Pasmore was a posh boy who went to Harrow, then when his dad died had to go out to work. And never got to art school. But he carried on as a Sunday painter, and eventually became a founder of the Euston Road Group. This really important school of grubby painters who carried on painting depressed and unhappy grim scenes of London life showed artists turning the run-down into the art subject. There’s a book to be written about this grey-minded group of painters whose work was of course carried on by the great pastichist Lucian Freud. He whose work sells for millions and millions now, each painting a kind of deliberate attempt at seeing the world as uglily as possible.

But the Euston Road, and Walter Sickert and the French were all doing it before the late great Lucian Freud, who a bit like his granddad Sigmund saw the world through shit-coloured glasses.

The Pasmore won’t bowl you over like the Nolan, I venture to guess, but they both stand as formidable exhibitions that must be seen. I particularly relate to Pasmore and all the early greyness of his work. And then his sudden change to squiggles and bits and pieces of paint stains unrelated to objects may well make you contemplative.

Anyway, here we are in the middle of an election campaign and I have been saying so many sane and serious and sensible things lately I thought I’d jump on the train and disappear into England’s greenery; hence the lack of mention of Trump, May, Brexit, or rotten things about Jeremy.

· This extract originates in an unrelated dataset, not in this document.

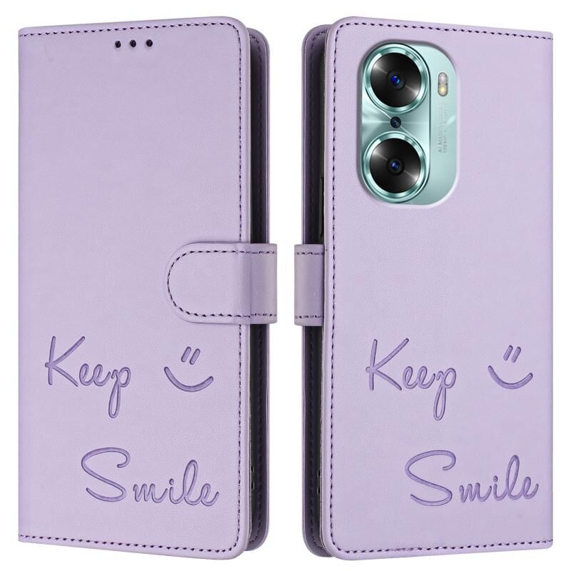 Θήκη τηλεφώνου δερμάτινη με ανάγλυφο χαμόγελο και τεχνολογία RFID για Honor 60 5G (ανοιχτό μωβ)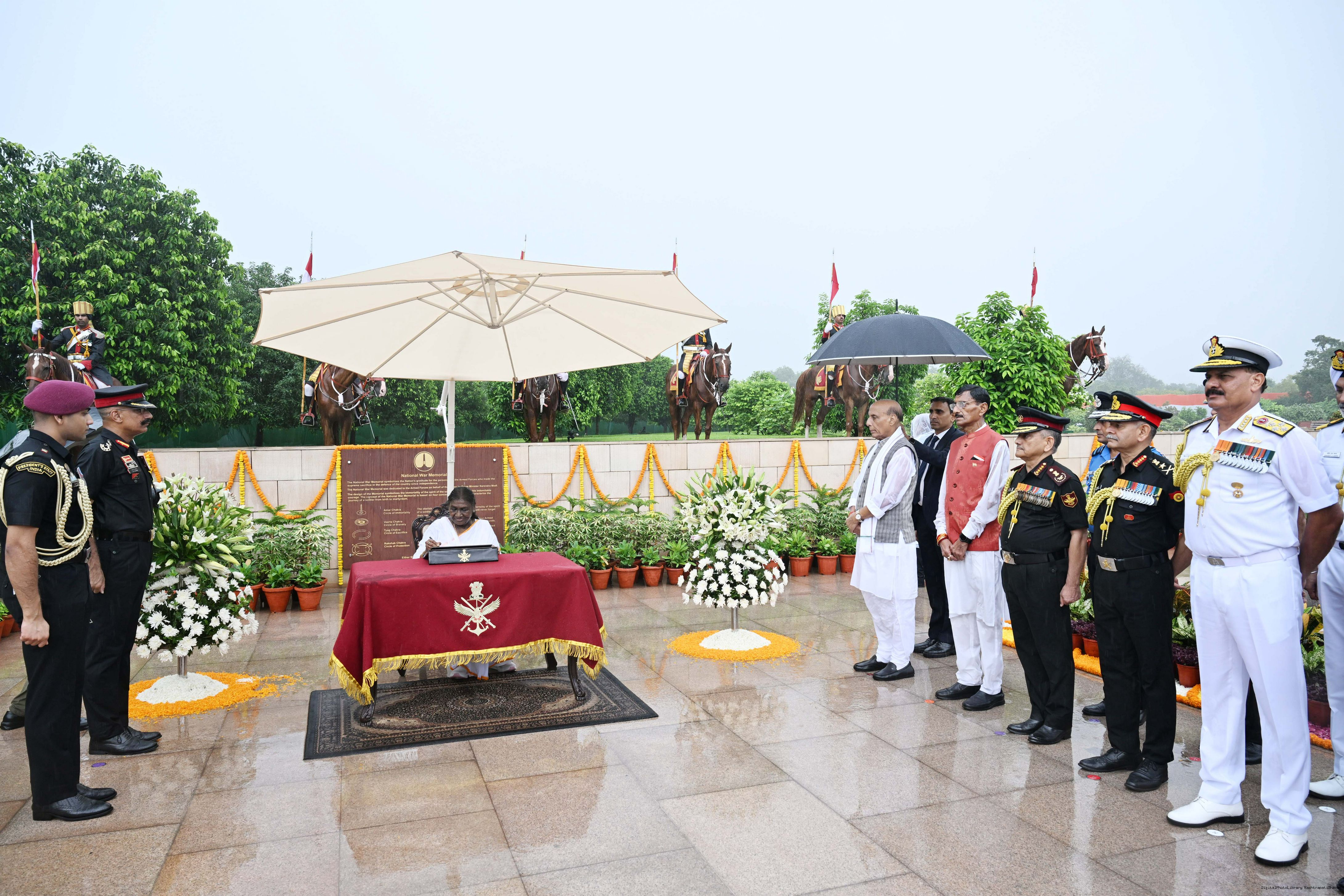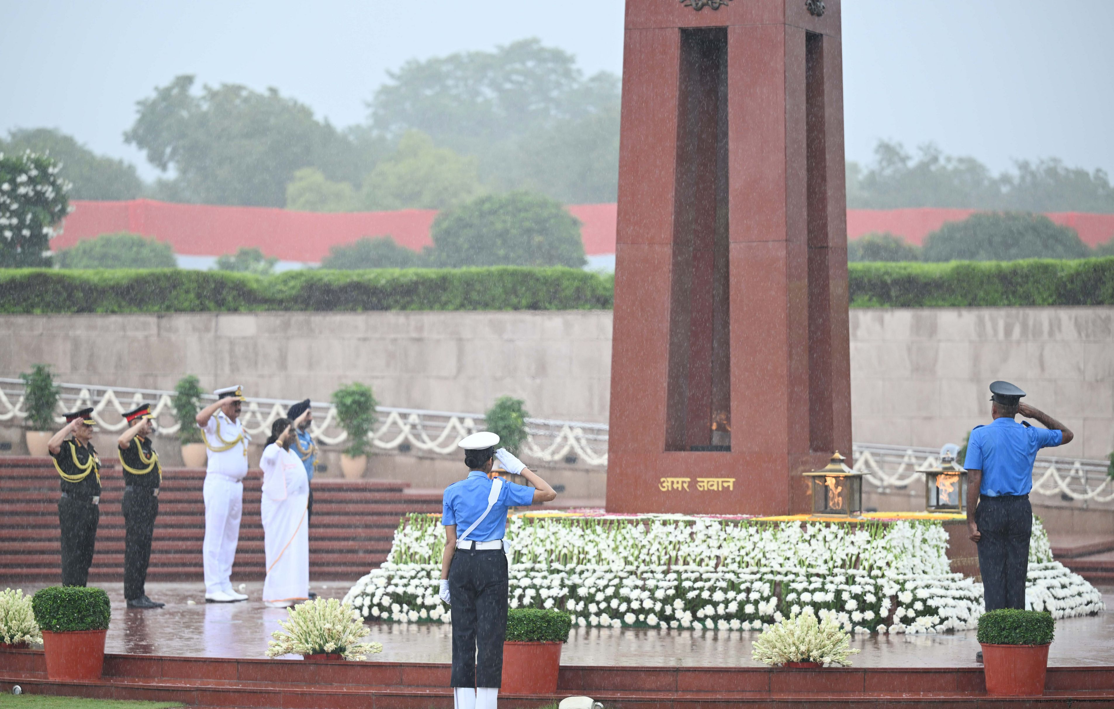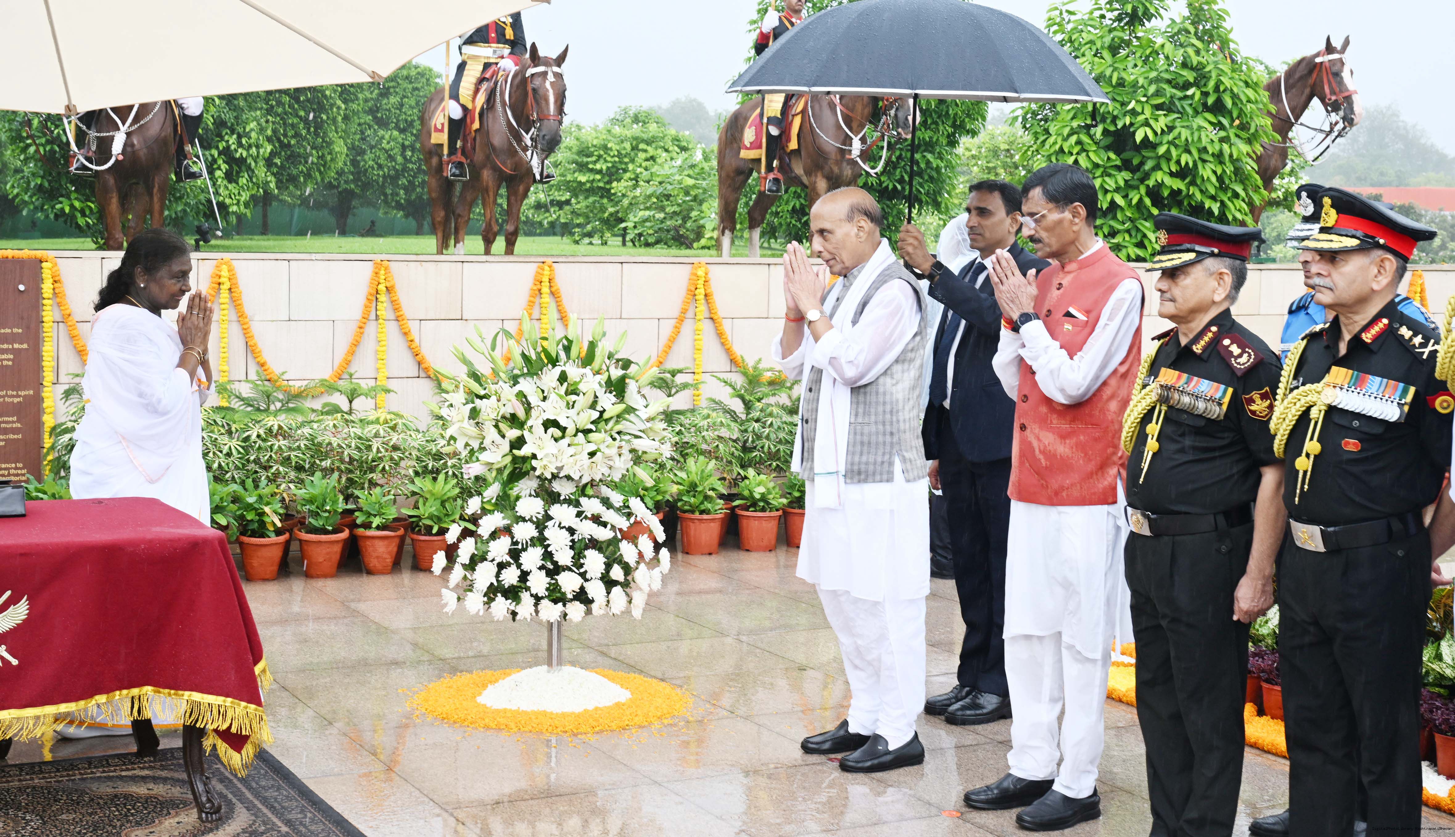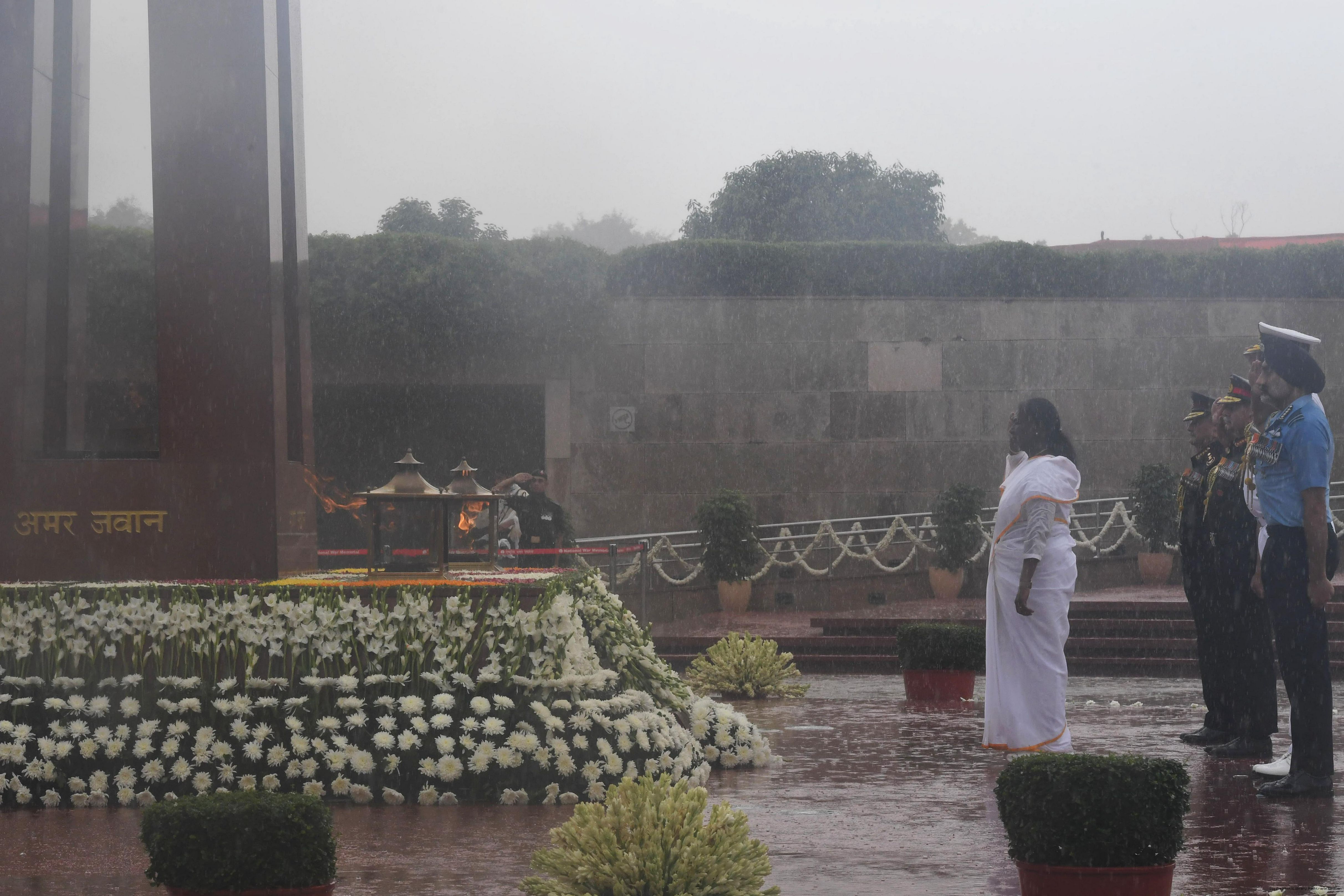 | Caption: | The President of India, Smt. Droupadi wreath laid the National War Memorial and paid homage to the martyrs, on the occasion of 79th Independence Day, in New Delhi on August 15, 2025. |

One of the most abiding memories of my trip though, in the nature of the weirdness of memory and human cognition, was the young man sitting on a wall exposing his rear crevice; complete with the largest array of spots and boils I have seen since the 1950s when we all seemed spotted and boiled up.

Not being a GP I did not intervene; but if he does recognise the above portrait of himself I reckon he should get round to the surgery and get those impurities traced to their source within his dysfunctional system. Prevention, by the by, is the best medicine. The large bottle of Coke he was guzzling might not be helpful.